!Rafborg

By Rosangel Valenti, TW Contributing Editor

Good morning. With the year's second Grand Slam over, we return to your regularly scheduled Your Call posts for discussing the day's tennis. You can also go off-topic here. Ed McGrogan will be along later with his usual Monday Net Post.

With the grasscourt season already having started, I will be attending the Artois Championships at Queens's Club this week for TW (action kicks off at 12.30 p.m. locally, or 7.30 a.m. EST), so will report on the previous day's action in these posts as the week goes on. As always, I will have my camera at the ready.

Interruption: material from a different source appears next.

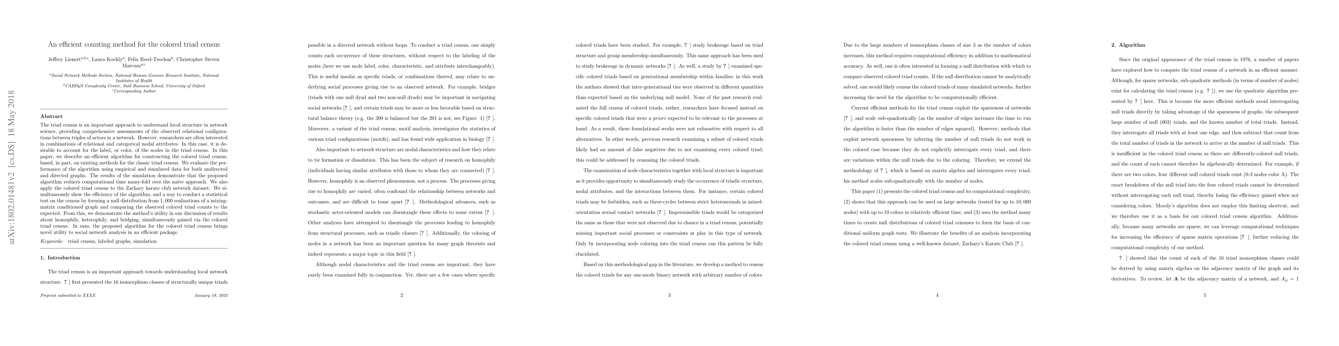 The triad census is an important approach to understand local structure in network science, providing comprehensive assessments of the observed relational configurations between triples of actors in a network. However, researchers are often interested in combinations of relational and categorical nodal attributes. In this case, it is desirable to account for the label, or color, of the nodes in the triad census. In this paper, we describe an efficient algorithm for constructing the colored triad census, based, in part, on existing methods for the classic triad census. We evaluate the performance of the algorithm using empirical and simulated data for both undirected and directed graphs. The results of the simulation demonstrate that the proposed algorithm reduces computational time many-fold over the naive approach. We also apply the colored triad census to the Zachary karate club network dataset. We simultaneously show the efficiency of the algorithm, and a way to conduct a statistical test on the census by forming a null distribution from 1,000 realizations of a mixing-matrix conditioned graph and comparing the observed colored triad counts to the expected. From this, we demonstrate the method's utility in our discussion of results about homophily, heterophily, and bridging, simultaneously gained via the colored triad census. In sum, the proposed algorithm for the colored triad census brings novel utility to social network analysis in an efficient package.

I got back home from Paris late last night, via the Eurostar. If previous years are any indicator, the reigning Roland Garros champion will make his way to Queen's using the same method, later today, and hit the practice courts on the new surface. The trip from Paris to London (I get out at the intermediate stop outside London, which cuts my journey time slightly) takes something over two hours, and is usually a pleasant, restful ride - without the Channel Tunnel, I don't know that I'd have had the endurance to visit Roland Garros for six days. Unlike planes, I've never known the trains to be late (though I have been known to miss one or two). And I love being able to step on a train a few miles from my front door, to find myself in the heart of Paris at journey's end. Had Marat chosen to be in Paris on Saturday for Dinara's big day, it would have been the least stressful option.

After the men's final was over, sooner than expected, there were more than three hours remaining until the last train was due to depart. I called MarieJ, who had been watching on TV, and we arranged to meet for what will probably be the last time until the Spain-USA Davis Cup tie in Madrid this coming September. She drove over to Roland Garros to pick me up. In the twenty minutes or so while I was was anticipating her arrival, I took a final walk around. During those few minutes, I saw a smiling Guillerrmo Vilas, and an ecstatically beaming Manolo Santana, coming out from the private area under the Philippe Chatrier Court, and immediately being waylaid to pose with fans for pictures. Both were good-natured enough to do so repeatedly. A few minutes afterwards, Bjorn Borg walked right past me. There was a huge crowd waiting for others to emerge, but I didn't have time to wait.

MarieJ took us to the Trocadero, from which there are terrific views of Paris, including the Eiffel Tower. It's the same spot where the Roland Garros champions pose for their post-victory pictures with their trophies. By that stage in the day, it was gloriously sunny, and we could see for miles. We found a pavement-side cafe nearby, and sat and talked about the match over celebratory icecreams.

Obviously, we had both been hoping for a Nadal victory. There's no need to rehearse the match here - most people saw it. All I will say is that I'm still stunned by what happened. I met Pete before the match, and he told me the same thing that he'd said in TW: that there could be a blowout. Regardless, I remained nervous up until the first break of serve in the third set, even though I could vividly imagine the frazzling that was likely to be going on in TW among the Roger believers, and (to my great surprise) had also seen some of the Federer supporters leaving the stadium towards the end of the second set. Still, I don't think I have ever seen Rafa play better than he has done in the semifinal and final this week, and I count myself very fortunate to have been there in person.

It was also one of the occasions on which I have most admired Roger Federer simply as his human self - my lens got me close enough to the action that I could see the players' facial expressions. These were tough moments in his tennis life. He took it well, without a single false note (after reviewing my pictures, I'm pretty sure he got a bigger hug from Bjorn Borg that the winner did, but maybe he needed it more at that moment - in any event, there's no doubt of the respect that exists between all three Champions). During his on-court speech, he was gracious towards his opponent, and he took plenty of time to acknowledge his supporters in the stadium (cowbells rang up until the final moments) before leaving. Certainly, if the size of the cheer that greeted him when he entered the court before the final had had any bearing on the outcome, he would have been the people's Champion yesterday. There were plenty of Spanish fans too (I was right next to a group carrying a huge Spanish flag), but outnumbered.

After the final, when I was packing up my camera gear, someone asked me to take his picture using his camera, with the stadium as backdrop. As he addressed me in English, I asked how he'd known I would speak the language. He hadn't - but he'd thought it more likely that I would understand English than Spanish. He told me that he'd flown 12 hours from his home in Argentina, simply to see this match. He was happy with the result, but would have liked more games. As I watched the stadium emptying of people, after the final, I couldn't help but wonder why one of the doubles finals hadn't been scheduled to follow the singles. Even my positive mood might have been lifted by some less-deadly tennis just then - a slightly conflicted reaction I simply didn't expect, but it's because I was thinking of fellow tennis fans here in TW. And of Rome 2006.

On to the grasscourt season.

As always, enjoy today's tennis.

{Note: more photos coming soon - of the Roland Garros final and, I hope, from Queen's later today].